As was only right for a national newspaper, TIME had its own independent coverage of what actually happened all along the way while the President was making the coast-to-coast swing that has stirred up such a censorship storm. TIME was the only U.S. newspaper or magazine that had this independent coverage; and consequently TIME was the only publication whose report did not have to be turned in for an O.K. aboard the presidential train before it was released.

And the story of how we got our story is such a good example of how TIME lines up its staff to follow the news that perhaps you might like to hear it.

Before the President left Washington the only official announcement of his trip came from the Office of Censorship, which said that Mr. Roosevelt was "making a trip to a number of war plants and camps" and that nothing was to be published until he got back.

Not a hint was dropped as to where he was going. So that night cryptic instructions were rushed to TIME'S correspondents in a hundred cities from coast to coast, to be on the lookout for a very important personage, to get complete details on his visit if he should happen into their territory, and to send us their report in a specially sealed envelope for use when the news blackout was over.
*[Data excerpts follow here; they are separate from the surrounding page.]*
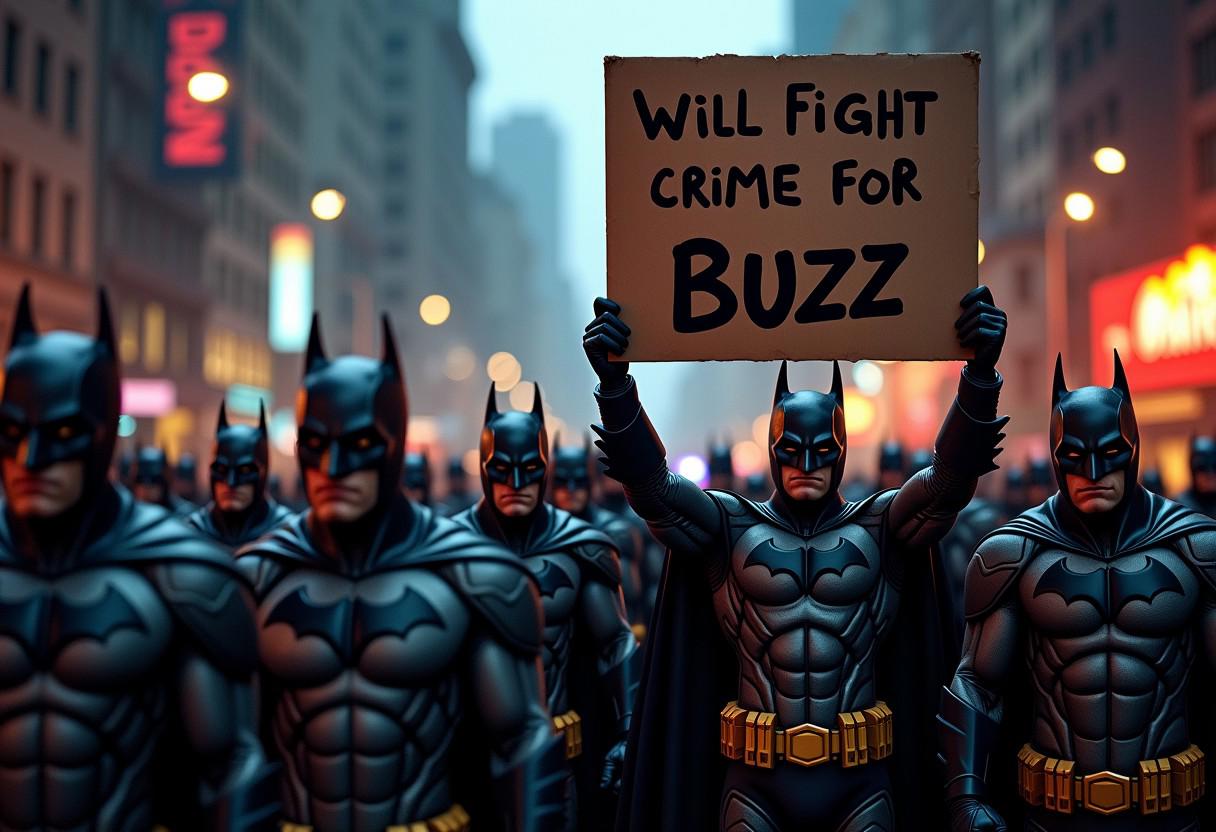 high quality, A group of Batmans protesting on a dark street, Holding Up a sign with the words "will fight crime for Buzz", beautiful masterpiece, wallpaper art, dark and brooding, full batman suits, best, dynamic composition, magnificent, intense, perfect background, war, fighting, fire in distance, angry, somber, tall city background, police car, slight rain,
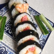 大米、烤肠、蛋卷、黄瓜、肉松、虾、寿司醋、白糖。
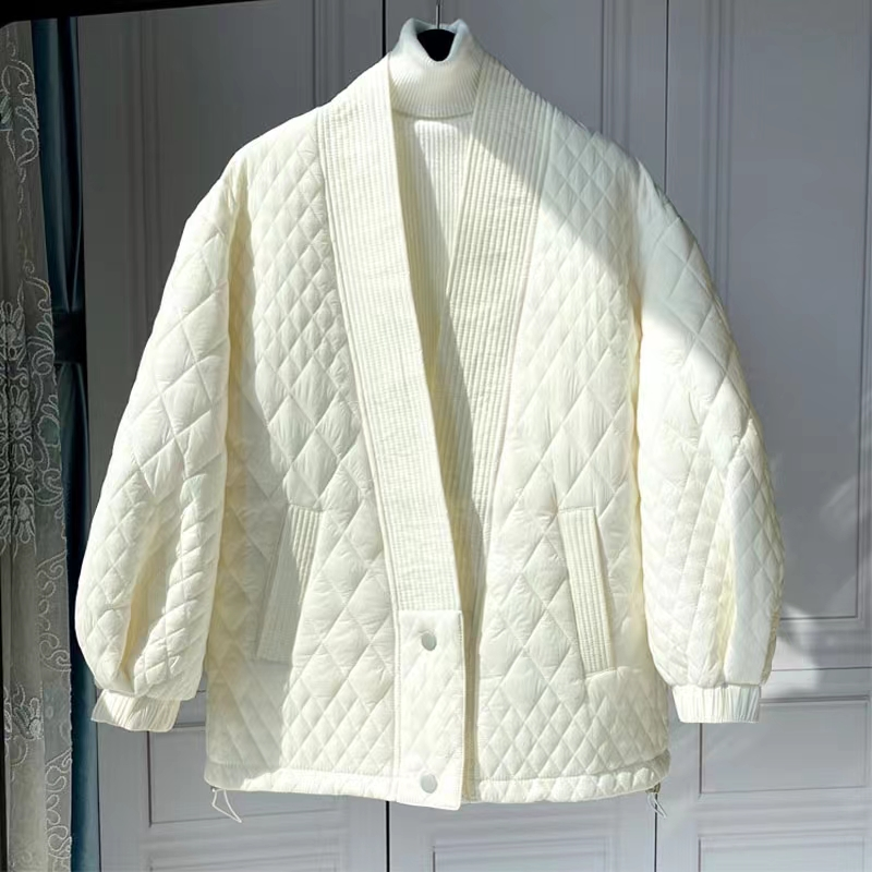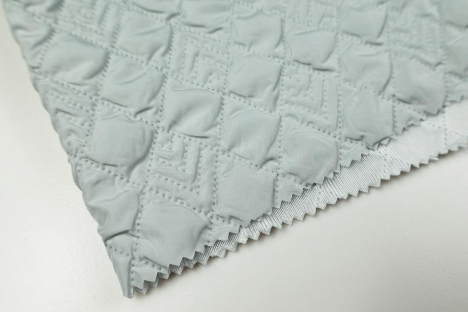 產品原料上應用的是多孔聚酯纖維加彈絲,面料的密度是性價比較高的310T;手感柔軟細膩,具有絨感;后續做壓皺工藝,菱形幾何花型與輕薄填充物之間相呼應,凹凸不平的壓皺風格突出面料的立體氛圍,豐富人們的視覺體驗,為單調的防寒面料上增添幾分趣味與文藝。
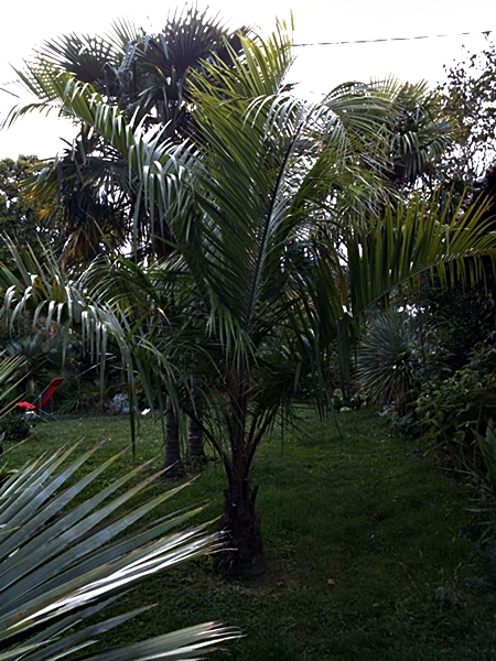 Je voulais vous montrer un de mes butiagrus en photo, cette année il a bien profité des conditions favorables des derniers hivers. Je trouve que c'est un palmiers qui gagne à être planté pour plusieurs raisons. Une qualité première est tout simplement son élégance, il est bien vert et fourni là ou d'autres seront jaunes et rachitiques... Une autre qualité est sa résistance au froid qui doit être voisine de celle de sa mère Butia, ce qui permet de le planter dans beaucoup de coin de France. On lui trouve aussi une certaine rapidité de croissance, moi je dirais plutôt qu'il est un peu moins lent que d'autres. Une dernière qualité est sa rareté qui permettra à coup sûr de ne pas avoir le même trachycarpus que son voisin!

Bob Strother in Detroit was the first correspondent to pick up the trail, and it was Bob whose 1,000-word report included the fascinating little sidelight about the son of Chrysler's famed K. T. Keller. ("My God, it's the President! Why didn't my old man tell me?") Next Welch and Hagy in Chicago located the President behind all the naval precautions at the Great Lakes Training Station, with such intimate details as how every sailor at the Post was frisked at the gates when he came back from leave, and how the pool was kept heated to exactly 75 degrees on the chance the President might want a swim. Then Schwandner in Milwaukee and Aslakson in Minneapolis took up the thread; and from Montana came a regular Philo Vance clue: the President's dog Fala had been walked early in the morning on the station platform at Billings.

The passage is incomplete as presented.